Будем помнить: «революционная» Реформация вовсе не предполагала торжества свободы мысли. Всевышний незримый самодержец держит в своих всемогущих и вездесущих руках судьбу всего: от песчинки и звезды до человеческой жизни. Человеку остается смиренно уповать на милость божью, догадываться о его промысле и покорно следовать по намеченному им пути. Свобода личности — опасный предрассудок. Единственно, что дано человеку: постигать неизбежное, сознавать свою бесконечную зависимость от высших сил…
Такова была общая вера и тех, кто добывал с ее помощью себе материальные блага, и тех, за счет кого она процветала, и тех, кто выступал против злоупотреблений папизма, предлагая новую церковь, очищенную от своекорыстия и властолюбия. Осмелившийся посягнуть на эти основы веры, на идею предопределения свыше и подчиненности человека богу, шел наперекор движению религиозной мысли, а значит, в любой момент мог быть сметен, раздавлен, уничтожен.
…Быть гуманистом, возвеличивать свободную человеческую личность, опровергать и высмеивать идею всеобщего предопределения стало очень опасно на закате Возрождения. Был ярок свет разума, но не менее ярким становились багровые отсветы костров, на которых сжигались творения разума. Сжигались подчас и сами носители той бесконечной субстанции, которая, по верованиям христиан, разлита повсюду, но наибольшего средоточия достигает в человеке — микрокосме, отражающем в себе все мироздание.
Впрочем, в середине XVI века гонения на свободную мысль еще были далеки от апогея. Правда, за шесть лет до рождения Джордано Бруно, в 1542 году, по предложению Игнатия Лойолы папа Павел III повелел учредить римскую инквизицию по типу испанской. Репрессиями предполагалось укреплять католическую веру.

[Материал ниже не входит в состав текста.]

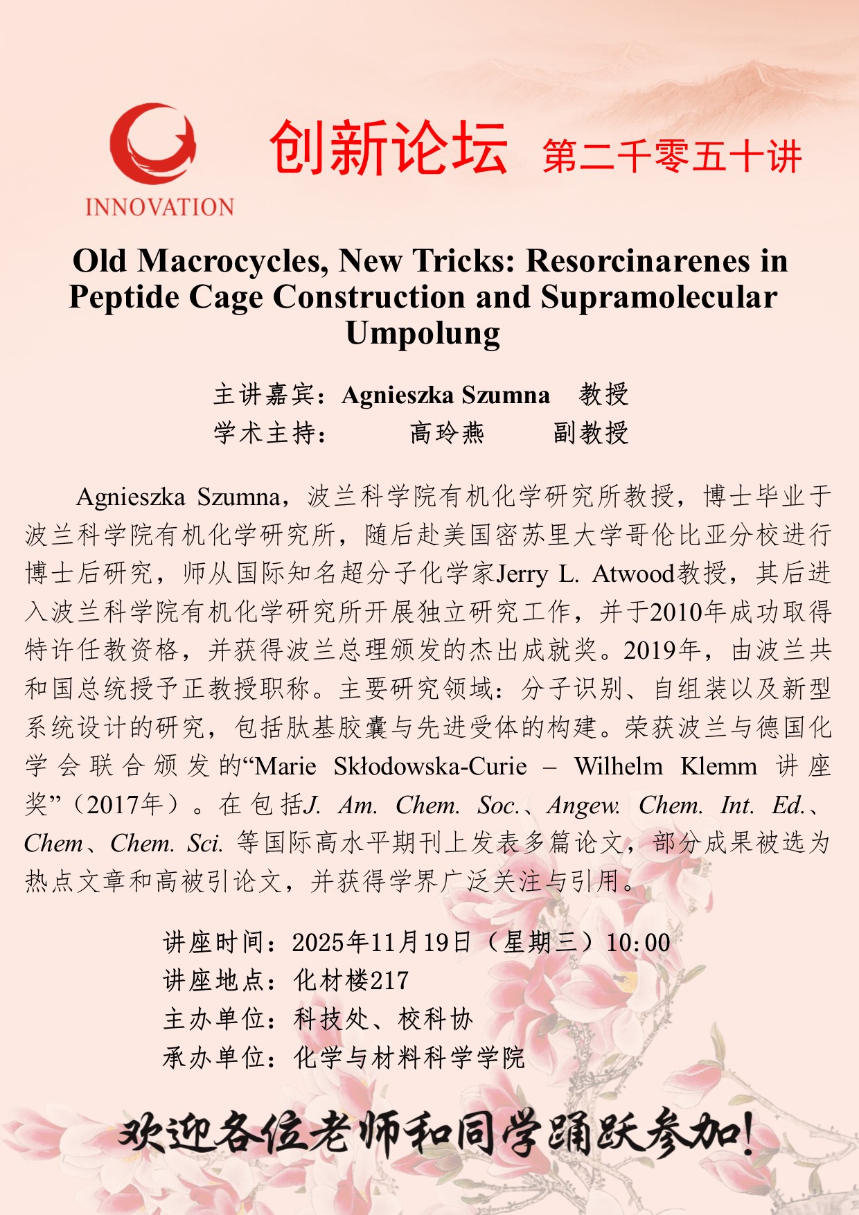 Agnieszka Szumna 教授 welcome欢迎光临威尼斯集团创新论坛第二千零五十讲:Old Macrocycles, New Tricks: Resorcinarenes in Peptide Cage Construction and Supramolecular Umpolung 讲座时间 2025年11月19日(星期三)10:00 讲座地点 化材楼217 讲座人介绍 Agnieszka Szumna 教授 讲座内容

И все-таки до середины XVI века не было занесено в Индекс запрещенных книг творение Николая Коперника «О вращении небесных тел», изданное в год смерти автора (1543), за пять лет до рождения Бруно. Показательно, что посвящена была книга Коперника «святейшему повелителю» папе Павлу III. Известный астроном обращался к папе с достоинством, вполне сознавая, что большинство церковников озлобленно отвергают идею вращения Земли. «Но я знаю, — писал он, — что размышления человека-философа далеки от суждений толпы, так как он занимается изысканием истины во всех делах, в той мере, как это позволено богом человеческому разуму. Я полагаю также, что надо избегать мнений, чуждых правды». «Если и найдутся какие-нибудь пустословы, которые, будучи невеждами во всех математических науках, все-таки берутся о них судить и на основании какого-нибудь места священного писания, неверно понятого и извращенного для их цели, осмелятся порицать и преследовать это мое произведение, то я, ничуть не задерживаясь, могу пренебречь их суждением, как легкомысленным».

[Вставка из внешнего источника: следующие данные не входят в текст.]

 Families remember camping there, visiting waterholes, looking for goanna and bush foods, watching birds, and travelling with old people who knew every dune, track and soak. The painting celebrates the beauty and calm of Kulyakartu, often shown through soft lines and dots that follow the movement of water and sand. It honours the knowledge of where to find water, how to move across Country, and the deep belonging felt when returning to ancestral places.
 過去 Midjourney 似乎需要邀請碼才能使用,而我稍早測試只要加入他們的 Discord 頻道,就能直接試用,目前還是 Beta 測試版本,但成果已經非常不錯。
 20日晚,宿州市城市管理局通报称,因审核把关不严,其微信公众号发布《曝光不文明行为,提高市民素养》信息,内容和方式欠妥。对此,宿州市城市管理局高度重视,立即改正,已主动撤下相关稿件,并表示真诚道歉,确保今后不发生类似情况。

Науку Коперник осмеливался называть «скорее божественной, чем человеческой». По его мнению, значение науки вовсе не исчерпывается утолением любознательности и практической пользой: «И так как цель всех благородных наук — отвлечение человека от пороков и направление его разума к лучшему, то больше всего может сделать астрономия вследствие представляемого ею разуму почти невероятно большого наслаждения».
Научное значение было сопоставлено со знанием божественного откровения и как способ постижения истины, и как средство возвысить душу человеческую, и как источник счастья, светлой радости познания.